Madame de Châtillon se trouva fort embarrassée en recevant cette lettre. Elle ne sçavoit quel parti prendre, de la douceur ou de la sévérité. Celui-ci pouvoit faire perdre le cœur de son amant, l'autre son estime, et tous les deux le rebuter. Enfin elle résolut de suivre le plus difficile, comme étant le plus honnête; et, quoi que lui dît son cœur, elle aima mieux faire ce que lui conseilla sa raison. Elle ne fit point de réponse au duc, et, comme il entra le lendemain dans sa chambre: «Venez-vous encore ici, Monsieur, lui dit-elle, me faire quelque nouvelle offense?

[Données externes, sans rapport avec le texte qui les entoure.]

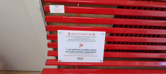 Una mattinata di riflessione nell’istituto comprensivo Salvatore Farina per studenti e studentesse della Terza media: in occasione della Giornata Internazionale contro la violenza sulle donne, la Federazione Pensionati Cisl Sassari ha donato alla scuola una panchina rossa. All’evento, promosso in collaborazione con il dirigente scolastico Luciano Sanna, hanno partecipato il sostituto procuratore Angelo Beccu, la segretaria generale dei Pensionati Fnp Cisl di Sassari, Vannalisa Manca, la Coordinatrice Donne Fnp, Cristina Rebeccu, i segretari Anna Maria Cadeddu e Massimo Pinna, insieme ai segretari della Cisl, Sergio Mura, Alessandro Marcellino e Maria Giovanna Mela

Parceque l'on a l'humeur douce et le visage, croyez-vous qu'il n'y a qu'à entreprendre avec les gens? S'il ne faut qu'être rude pour avoir votre estime, on en fait assez de cas pour se contraindre quelque temps. Oui, Monsieur, on sera fière, et je vois bien qu'il le faut être avec vous.» Ces dernières paroles furent un coup de foudre tombé sur ce pauvre amant. Les larmes lui vinrent aux yeux, et ses larmes parlèrent bien mieux pour lui que tout ce qu'il put dire. Après avoir été un moment sans parler: «Je suis au désespoir, Madame, lui répondit-il, de vous voir en colère, et je voudrois être mort, puisque je vous ai déplu. Vous allez voir, Madame, dans la vengeance que j'ai résolu de prendre de l'offense que vous avez reçue, que vos intérêts me sont bien plus chers que les miens propres; je m'en vais si loin de vous, Madame, que mon amour ne vous importunera plus.—Ce n'est pas cela que je vous demande, interrompit cette belle; vous pourriez bien sans me fâcher demeurer encore ici. Ne sçauriez-vous me voir sans me dire que vous m'aimez, ou du moins sans me l'écrire?—Non, non, Madame, répliqua-t-il; il m'est absolument impossible.—Eh bien! Monsieur, voyez-moi donc, reprit madame de Châtillon; j'y consens, mais remarquez bien tout ce qu'on fait pour vous.—Ah! Madame, interrompit le duc en se jetant à ses pieds, si je vous ai adorée toute cruelle que vous avez été, jugez ce que je ferai quand vous aurez de la douceur! Oui, Madame, jugez-en, s'il vous plaît, car je ne sçaurois vous exprimer ce que je sens.» Cette conversation ne finit pas comme elle avoit commencé: madame de Châtillon se dispensa de garder toute la rigueur qu'elle s'étoit promise, et, si le duc de Nemours n'eut pas de grandes faveurs, au moins eut-il raison d'espérer d'être aimé. Dans cette confiance, il ne fut pas chez lui qu'il écrivit cette lettre à sa maîtresse:
LETTRE.
Après m'avoir dit, Madame, que vous consentiez que je vous visse, puisqu'il m'étoit impossible de vous voir sans vous dire que je vous aime, ou du moins sans vous l'écrire, je devrois vous écrire avec confiance que ma lettre ne seroit pas mal reçue; cependant je tremble, Madame, et l'amour, qui n'est jamais sans crainte de déplaire, me fait imaginer que vous avez pu changer de sentiments depuis trois heures. Faites-moi la faveur, Madame, de m'en éclaircir par deux lignes. Si vous saviez avec quelle ardeur je les souhaite et avec quels transports de joie je les recevrai, vous ne me jugeriez pas indigne de cette grâce.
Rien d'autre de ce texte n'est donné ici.